Starting at the line below with "menja po želji" and stopping at the line with "En savoir +Ce", please print each line exactly, those two included, and skip every picture.

:: Extracted data ::
------------

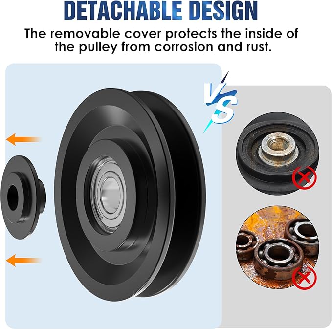 • Stable Structure: The cable pulley attchment is made of 6202zz metal bearing inside, with removable cover at the bearing, which is waterproof, rust and anti-pollution. The pulley system runs smoothly and quietly and rolls smoothly. It has a maximum load of 1000 lbs
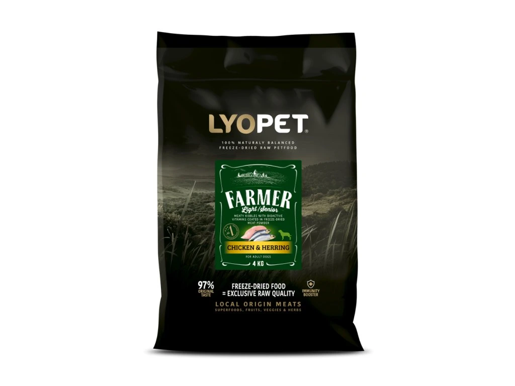 Lyopet Farmer Light je kompletní superprémiové krmivo speciálně navržené pro psy seniory a pro psy s nadváhou. Obsahuje masové psí granule, šetrně zpracované za nízkých teplot, obalené v mase sušeném mrazem, arktickém krillu a v BIO kolostru. Dietní granule pro psy s vysokým obsahem masa, bez chemie a konzervantů.
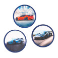 • najboljša zabava: vsebuje tri različne našitke  z motivom hitrih vozil (na ježka), katere se lahko menja po želji
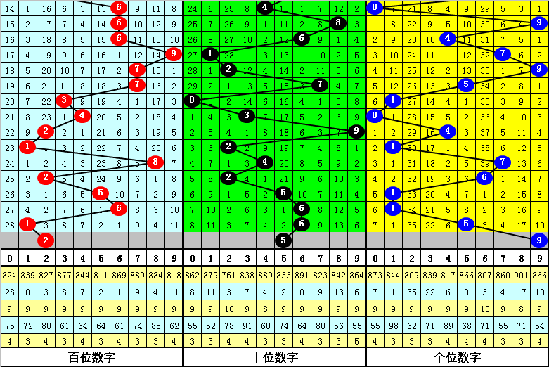 另外,两码合出现期数从高到低分别为:9开出14期,5开出8期,6开出7期,0、4开出6期,3开出5期,2、7开出4期,1、8开出2期,本期两码合参考:1、4、7。
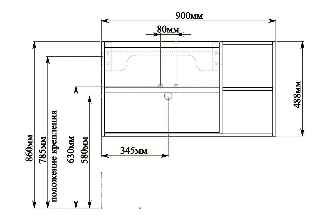 - Две открытые полки справа.
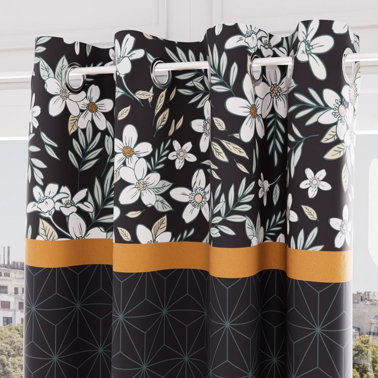 En savoir +Ce rideau en pur coton MANON, à l'imprimé fleural et géométrique très tendance, apportera modernité à votre intérieur. Finition: 8 oeillets en acier inox, anti-rouilles. Bande velours couleur ocre. Couleur: blanc, noir, bleu, ocre. Composition: 100% coton. Dimensions: 135x250 cm. Entretien: Lavage à froid en machine.
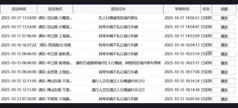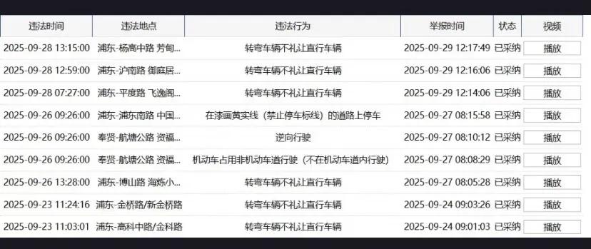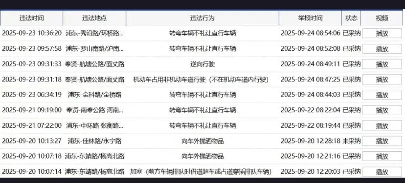 网友贴出在上海部分交通违法举报清单,看来“转弯车辆不让直行车辆”的司机不在少数呀![尬笑] 文明开车,安全第一![赞] 城市观察员
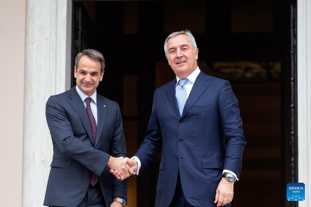 Greek Prime Minister Kyriakos Mitsotakis (L) welcomes Montenegrin President Milo Djukanovic in Athens, Greece, on Feb. 8, 2022. Montenegro expects Greece's continued support for its accession to the European Union (EU), visiting Montenegrin President Milo Djukanovic said here on Tuesday. (Xinhua/Marios Lolos)
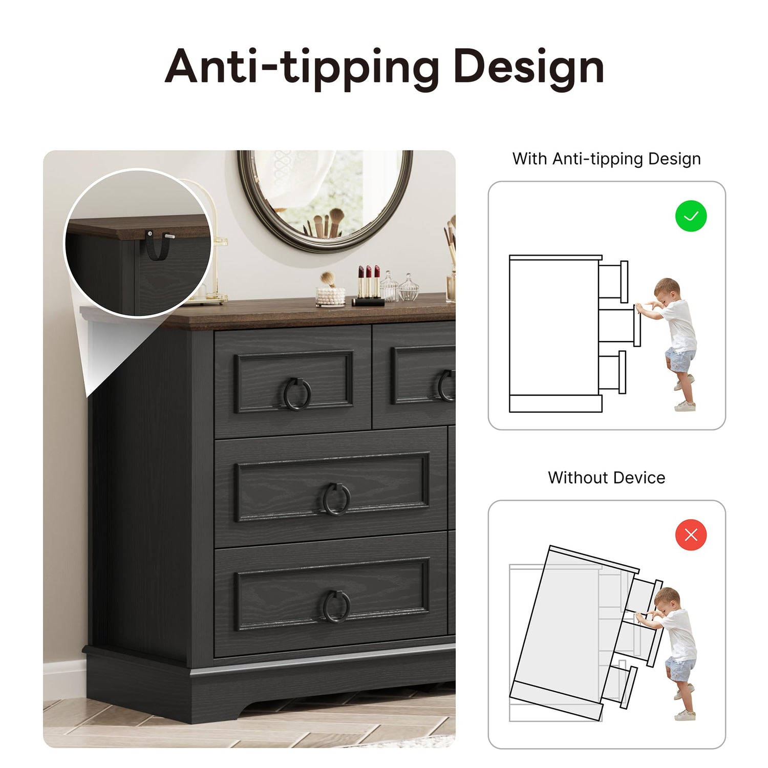 - Quality Assured: Constructed from premium materials, this bedroom dressers with drawers is wear-resistant and water-resistant. It features a thickened tabletop and raised legs for added stability. An included anti-tip device offers extra safety

------------

:: Finished exercise ::
 • najboljša zabava: vsebuje tri različne našitke  z motivom hitrih vozil (na ježka), katere se lahko menja po želji
 另外,两码合出现期数从高到低分别为:9开出14期,5开出8期,6开出7期,0、4开出6期,3开出5期,2、7开出4期,1、8开出2期,本期两码合参考:1、4、7。
 - Две открытые полки справа.
 En savoir +Ce rideau en pur coton MANON, à l'imprimé fleural et géométrique très tendance, apportera modernité à votre intérieur. Finition: 8 oeillets en acier inox, anti-rouilles. Bande velours couleur ocre. Couleur: blanc, noir, bleu, ocre. Composition: 100% coton. Dimensions: 135x250 cm. Entretien: Lavage à froid en machine.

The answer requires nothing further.